After the 2023 fall semester of ICC, professors reconvened in December, where they once again ran the same prompt through ChatGPT. Hartzler said, “It was way better that it had just been in August when [Ehst] did it. She’s like, I just want you to realize it’s getting better really fast.”

Luke Beck Kreider, assistant professor of religion and sustainability, said, “Not long after [generative AI] came out, I started noticing that some forms of student writing were changing — and I was noticing AI use in student assignments pretty quickly.”

“Students were using it in ways that I wasn’t really comfortable with, that seemed like it was allowing them to skip the types of work that I was wanting them to do — the types of thinking and reading and writing that I was hoping that they would do.”

In his classrooms, Beck Kreider explained that he does not allow students to use AI in any part of the writing process and discourages the use of AI to help read or interpret assigned texts. Beck Kreider said, “I’ve tried to explain — here’s why I want you to write this in your own voice, through your own process and without using ChatGPT.”

Groff shares a similar sentiment about writing. “In general, I would say like the majority of the time I want people not to use [AI] for the writing process. If they want to use it for brainstorming ideas or coming up with a definition that they might use some language from, that would be OK,” she said.

Groff also shared that the administration does not want AI to be used for grading – she referenced a point brought up by Beck Kreider in the Sept. 11 convocation on artificial intelligence about the vulnerability of the writing process. “It’s about connecting with your audience … We can only do that as individual writers.”

Beck Kreider emphasized that in assignments, he looks for students’ original thoughts and interpretations. “I want students to do the best they can at those processes and so I’ve erred on the side of not allowing it for most things,” he said, “and I haven’t really found ways yet of integrating it constructively in terms of the assignments — that feels still like a gap for me. I want to be better at demonstrating what I would think of as more positive or appropriate uses of it.”
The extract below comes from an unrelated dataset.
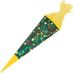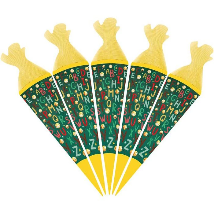 • Schultüte in gelb mit buntem Alphabet-Motiv

In the course Principles of Public Relations, Groff said she incorporated AI into one assignment where she asked students to write a press release. “I wanted people to use [ChatGPT] and then show me how they did. Some people used it for AP style checking, other people used it for headlines, other people used it for writing a lead paragraph and then they had to debrief how it worked for them.”

“That was a really small thing, but I loved hearing back how students used it and what they liked about it.”

Housman explicitly names AI as a resource that students can use on “open resource assessments.” His only condition is that appropriate acknowledgements need to be made for every source used, whether that’s generative AI, any published work, the internet, or another student. Housman said, “When they sit down to do the problems, they should be able to do it on their own without any resources — that’s what the expectation is.”

“I want them to have access to all those resources as they’re really trying to learn the material, but I want them to recognize when they’re using it and to say ‘OK, yeah I used this resource, I talked to this person, I use generative AI for this purpose, etc.”

Ehst said, “I think we are needing to do a little bit more work on … [asking] ‘What is the value added?,’ ‘Why is there value in incorporating those tools into our lesson plans for our classes?’ … [decerning] when we use an advanced technological tool, or when an old school tool is better.”

“Now we think of that No. 2 pencil as like an old school tool, but even that gave people pause about ‘How are tools going to mediate the way that we think and communicate?’” Ehst said. “I think we’re asking those questions and we’re asking them with openness and curiosity and those are great questions to be asking.”